Sunday, October 30, 2011

CCR 10-30-11: The Noshing of Titans

the Controversial Committee Report

“We don’t raise sacred cows...we just butcher them.”



The Noshing of Titans

(A sad suburban and very Grimm fairy tale)

by

Mark Holbrook


Once upon a time in a kingdom far, far away (but so very near), two groups of citizens were at war for the very soul of their kingdom. (And this had nothing to do with the skins they were in.) At odds as to how to save and achieve the salvation of the kingdom were the Vested Ones and the Meanies.


The Vested Ones believed that their arch enemy, the Meanies (so named by a Vested One), were mere specks of inconsequential matter and not enlightened enough to have a voice on public issues. After all, the Vested Ones had been entrusted with a magic vote button. And to be sure, the Vested Ones used this tool as a primary weapon in wrecking havoc on the Meanies.


As possessors of the magic vote button, the Vested Ones believed that their decision making abilities and skills had been ordained by the Vatican and that their judgements were as akin to papal infallibility as one could get without being a Catholic. Besides, all their decisions were made from the sacred bully pulpit built and financed by the Meanies.


It was from this bully pulpit that the Vested Ones unleashed their arsenal of other weapons that would spin and provide fluffy rationale in their attempt to quell and subdue the Meanies. In addition to their magic vote button, the Vested Ones utilized PowerPoint to turn fiction into fact. And while PowerPointing the Meanies, they sipped generous doses of Kool-Aid provided by members of the “family” who were handsomely paid to keep the supply of this mind altering and intoxicating liquid flowing. It was these methods that the Vested Ones relied on to drive the Meanies into their perceived proper place in the community...obscurity. And if the time should ever become necessary, the Vested Ones and “family” would unleash the most expensive and devastating of all their rhetorical weapons...6-Sigma.


After all, the Vested Ones believed the Meanies were not only ‘mean spirited,‘ but not worthy of salvation or consideration in the public debate.

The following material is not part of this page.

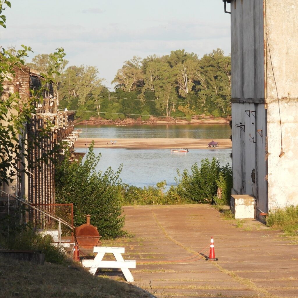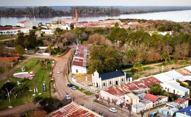 Una imagen que muestra la conexión directa entre la Fábrica y el Río Uruguay, ese cauce de agua gigante, que bordea al poblado, y que tan funcional a la empresa fue en su época dorada.
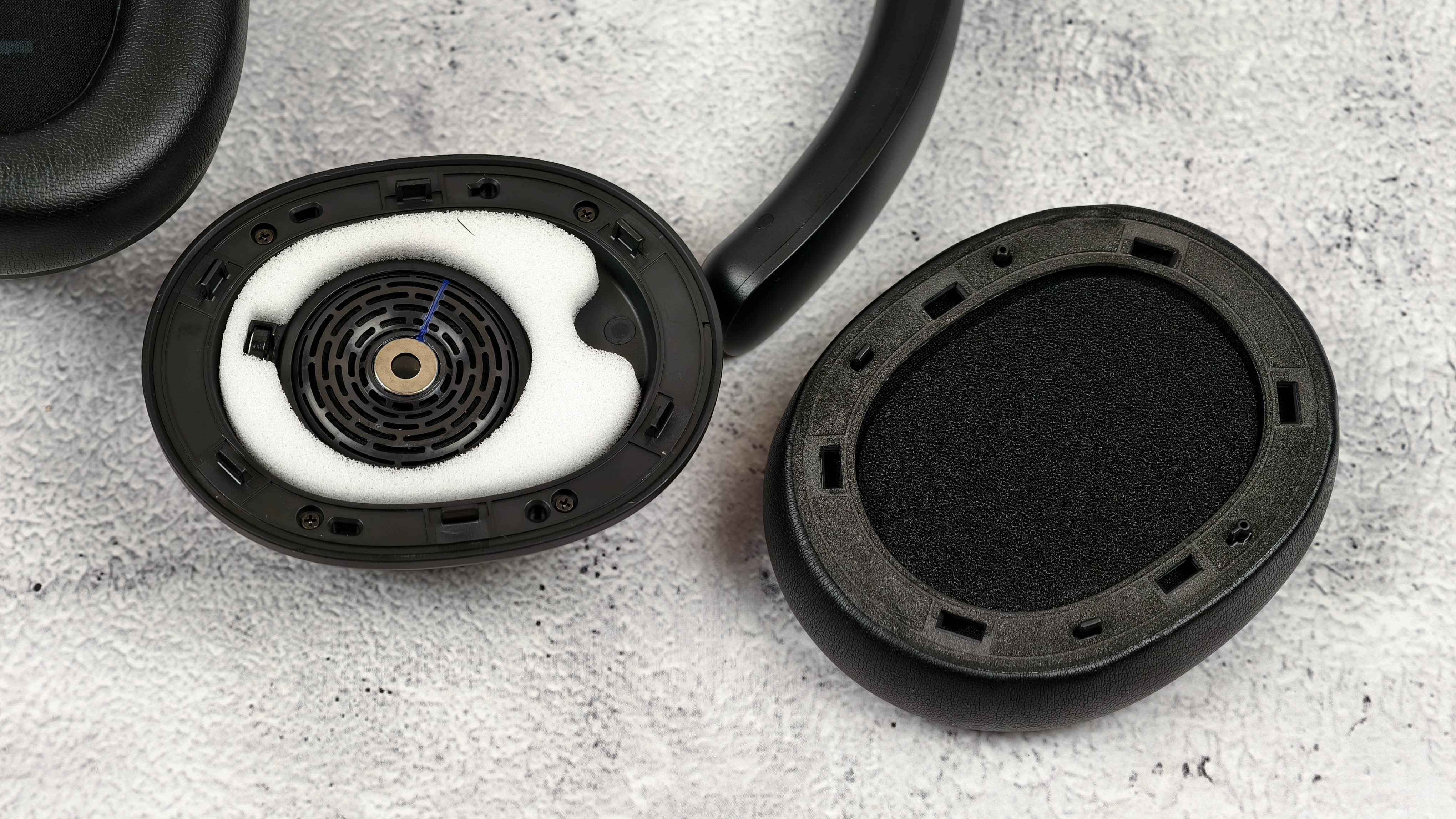 Ну, а теперь посмотрим, что внутри. Насадка с амбушюрами плотно посажена на пластиковые защелки и снимается весьма проблематично. Однако все же снимается и если нужно будет заменить амбушюры, то это возможно. Они являются с пластиковой накладкой единым целым и меняются соответственно в сборке (а тут уже вопрос к Ugreen, будут ли они их продавать). Между амбушюрами и динамиком есть различные поролоновые вставки, которые исключают паразитные отражения звука от корпуса.

Certainly, the Vested Ones believed that Meanies should not opine in the marketplace of free ideas or ever question the infallibility of the Vested Ones puffy decisions. To do so was complete heresy in the eyes of the Vested Ones!


Cast from modest environs, the Meanies were noted as being individuals not prone to drinking the mind altering Kool-Aid or accepting, as fact, the watershed of epistles often preached by Vested Ones. In truth, the Meanies conducted their own research and relied on spreading the rational word to friends and associates to counter the fluff and puff disseminated by Vested Ones.


And this is what caused the great friction and barrier between the two groups. The Meanies wanted everyone to hear the truth and know the fallacy being perpetrated upon the masses, while the Vested Ones wanted to ensure that they could remain in control to continue consuming the perks and benefits of being a holder of the magic voting button. Concerned with the high maintenance cost the Vested Ones were imposing on the citizenry by their actions, the Meanies believed that the masses were being shortchanged and their personal fortunes were slowly being depleted. The kingdom was already suffering from widespread depression and the Vested Ones were adding more unnecessary glitter to this financial quagmire.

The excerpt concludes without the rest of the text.